Some fine Oscar speeches this year


In response to Lupita Nyong’o’s Emotional Acceptance Speech For Winning Best Supporting Actress (Video):

I haven’t paid much attention to the Oscars in years, and maybe this year that was a mistake, because it seems like there were some humble and moving speeches.  A cynic might wonder if Hollywood is getting nervous about audience revulsion toward the arrogance of the entertainment industry, which has a nasty habit of mistaking humble-bragging for humility.  Not so with Lupita Nyong’o, who I thought richly deserved her award.  

It’s hard to argue with Matthew McConaughey winning Best Actor for “Dallas Buyer’s Club,” or indeed quibble with anything the mad genius of the bayou does these days, but as a longtime Chiwetel Ejiofor fan, it’s disappointing to see him miss Best Actor by inches.  The degree to which McConaughey disappears into his complicated role is amazing, and that’s the kind of acting the Academy favors in the modern era – the actor who can make you forget his real name for two hours, even though you just saw it on the marquee.

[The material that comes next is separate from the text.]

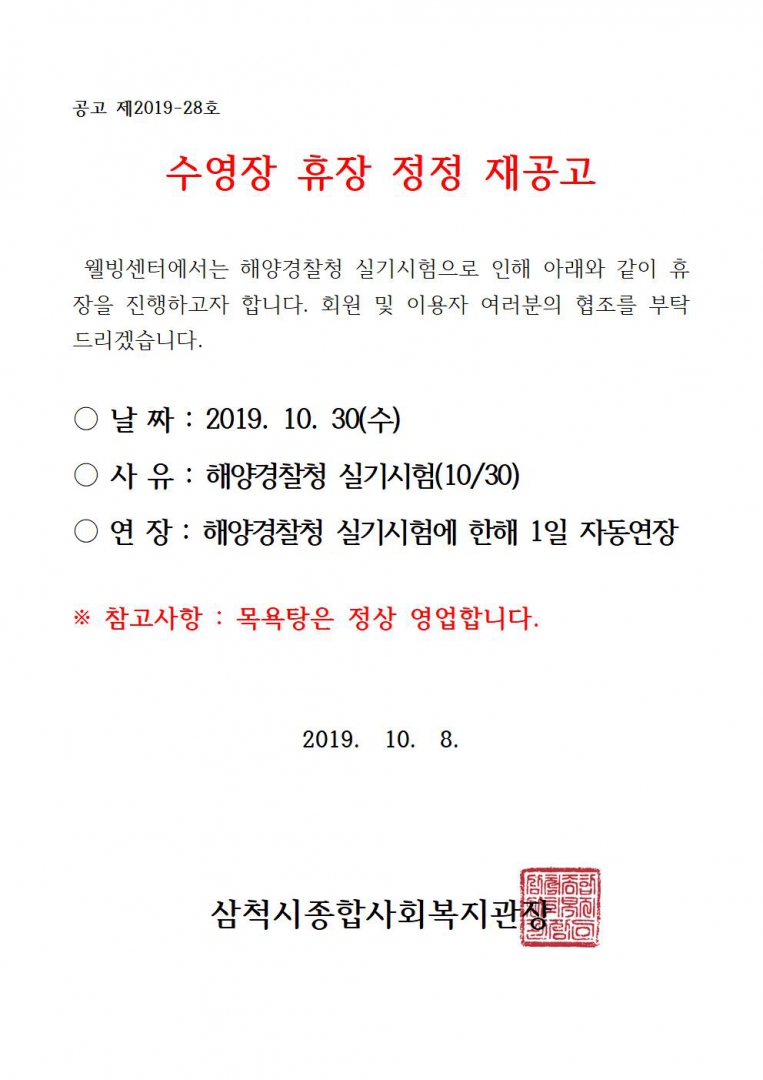 공지사항 수영장 휴장 정정 재공고 페이지 정보 작성자 심성규 댓글 0건 조회 5,752회 작성일 19-10-08 17:30 목록 게시판 리스트 옵션 검색 본문 페이스북 공유 트위터 공유 2019.10.26(토) 진행예정이었던 생체도시배 수영대회는 태풍 피해복구를 위해 취소됨을 알려드리며 수영장은 정상영업합니다. 감사합니다. 이전글후원자 기부금영수증 발급안내 20.05.21 다음글수영장 휴장공고 19.10.07 댓글 0 댓글목록 등록된 댓글이 없습니다.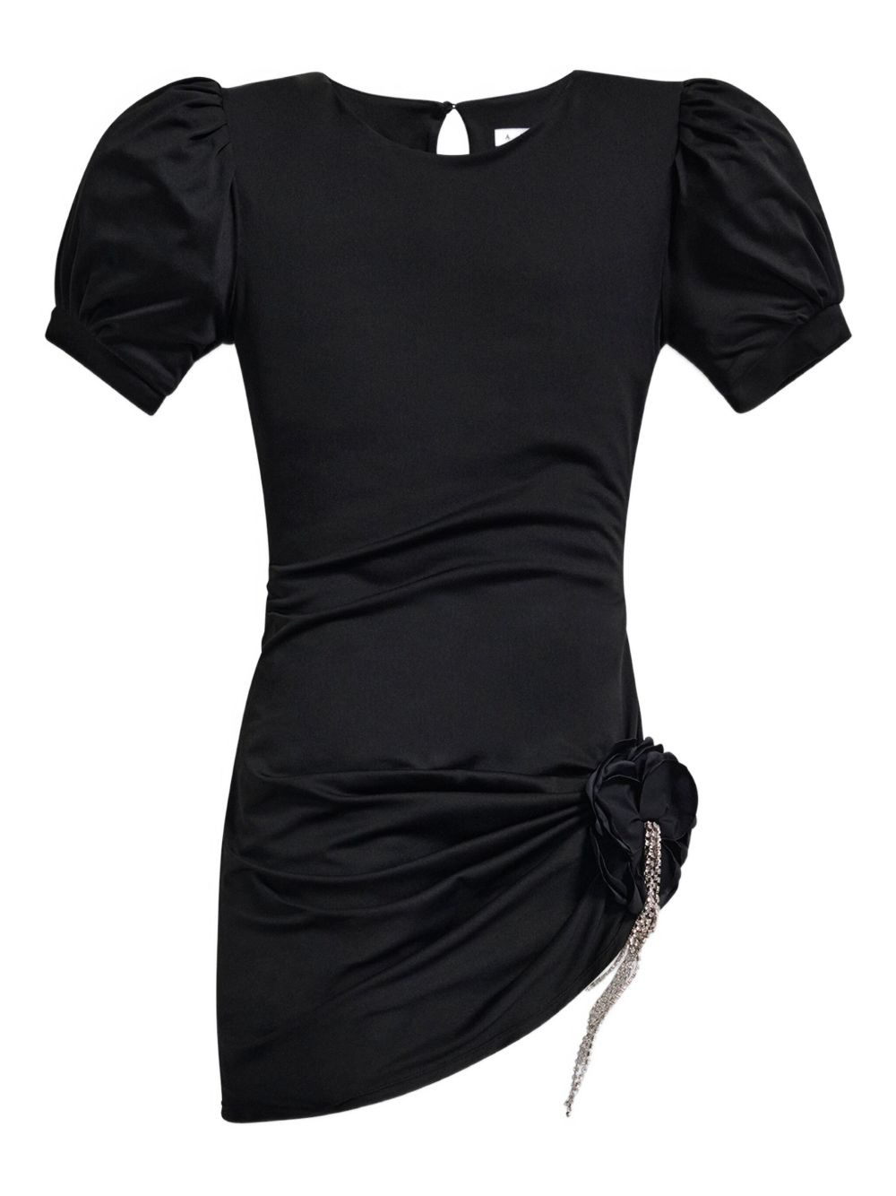 puff-sleeve crystal-embellished mini dress Highlights - Black - Puff sleeves - Draped detailing - Crystal embellishment Imported Composition Polyester 95%, Elastane 5% Washing instructions Read Manufacturer Guidelines

I must say I think “Gravity” should have won Best Picture over “12 Years a Slave,” though.  Best Picture tends to be a category where the Academy prides itself on forgetting which movie connected better with the wider audience, which one people will still be popping into their home-entertainment systems in five years, although sometimes they do give the nod to a big crowd-pleaser.  

In this case, I tend to think “Gravity” succeeded better as an all-around full-spectrum movie, an experience of incredible immersion, tension followed by exhilarating release.  “12 Years a Slave” was a very good movie on all counts, and certainly belonged in contention, so this is not a matter of Internet-troll-style “the winning movie sucked” sour grapes.  “12 Years” was a terrific showcase for the talents of its actors, but no one could possibly call the experience “enjoyable” or really even “entertaining,” and I’ve always felt those qualities should be associated with the Best Picture winner, at least as a tiebreaker in a close contention between equally fine movies.